In 1943 Kisseih embarked on more than thirty years of professional nursing and further training. Since nursing education in Ghana was not yet fully developed, in order to be eligible for senior posts under colonial rule she had to spend some time in the 1950s training for further qualifications in England. In 1961 she was made Chief Nursing Officer of the newly independent Ghana: her job title inherited from the earlier British system. Kisseih wanted to work towards having some university graduates within the nursing profession. As a first step a two-year "post-basic" diploma program to train nursing educators and administrators was established in 1963 through a threeway agreement between the World Health Organization (WHO), UNICEF and the Ghanaian government. It attracted nurses from other English-speaking countries in the region as well as from within Ghana. At the same time she oversaw a move away from the traditional British hospital-based system to a more community-based kind of healthcare better suited to Ghanaian society. She developed a new curriculum for nurses, sponsored by the WHO, which emphasised public health and community nursing care with good support for maternal and child health. Kisseih also established a scholarship fund for some nurses to train abroad until a more in-depth education was available locally.

Between 1975 and 1981 she was a lecturer in the Department of Nursing of the University of Ghana while also preparing for her 1980 doctorate at Boston University in the US, which made her the first nurse in Ghana with a post-graduate degree. 1980 saw the beginning of the first four-year bachelor's degree in nursing at the university's Legon campus. She "transformed and modernised nursing education" with "strong imaginative leadership and initiative", according to the citation accompanying an honorary Doctor of Laws degree conferred on her 89th birthday. It went on to say she had been determined that standards should be high after the post-independence departure of qualified nurses from overseas.
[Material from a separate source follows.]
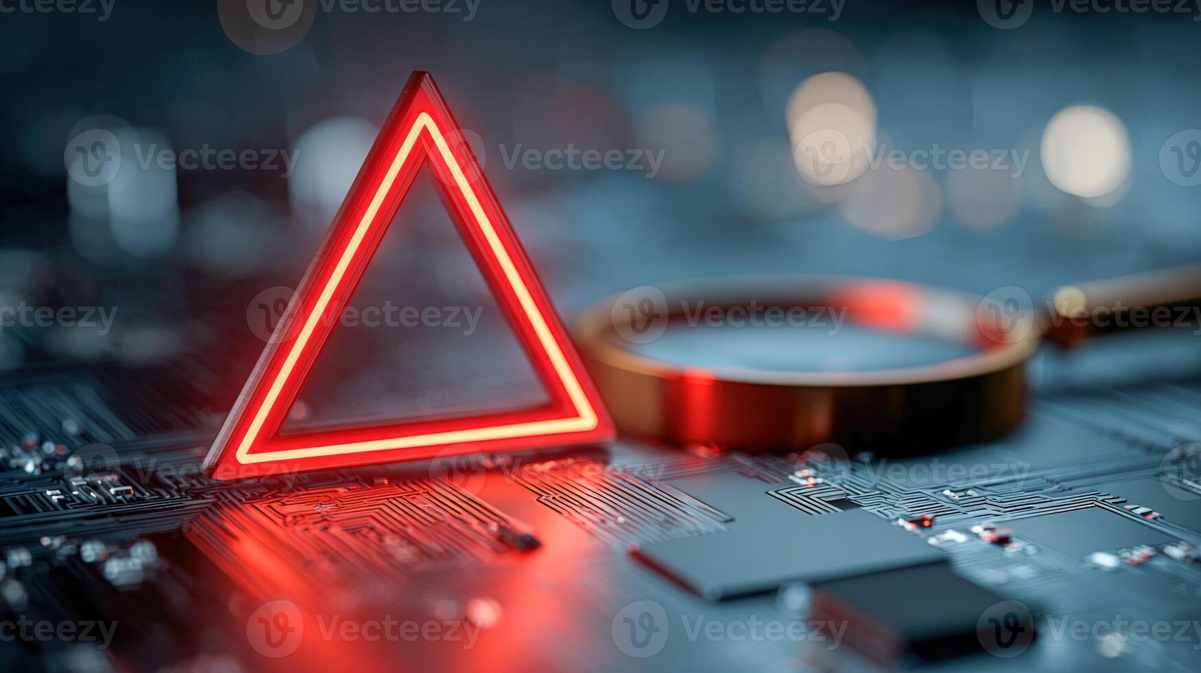 Red Triangle Alert on Circuit Board with Magnifying Glass Cyber Security Concept Pro Photo

Kisseih was the founder and first president of the Ghana Registered Nurses Association (GRNA) formed in 1960 by a merger of two other nursing bodies, one led by her. She also served on the National Health Planning Committee and the Nurses and Midwives Board. She was an African representative to, and a worldwide committee member of, the International Council of Nurses and was their vice-president from 1973 to 1977. She was also involved in voluntary organisations like the Ghana Red Cross Society, the Girl Guides, the St. John Ambulance Association, the St John's Council of Ghana and the Manya Krobo Youth Congress. She was honoured by the state in 1984 and in 1986 her portrait was put on the 100 cedi banknote.

Her honorary degree was conferred ceremonially at Docia Kisseih's home because of her frailty and she died later that month, in August 2008. In 2015 the GRNA instituted a series of lectures to be called the Dr Docia Kisseih Memorial Lectures.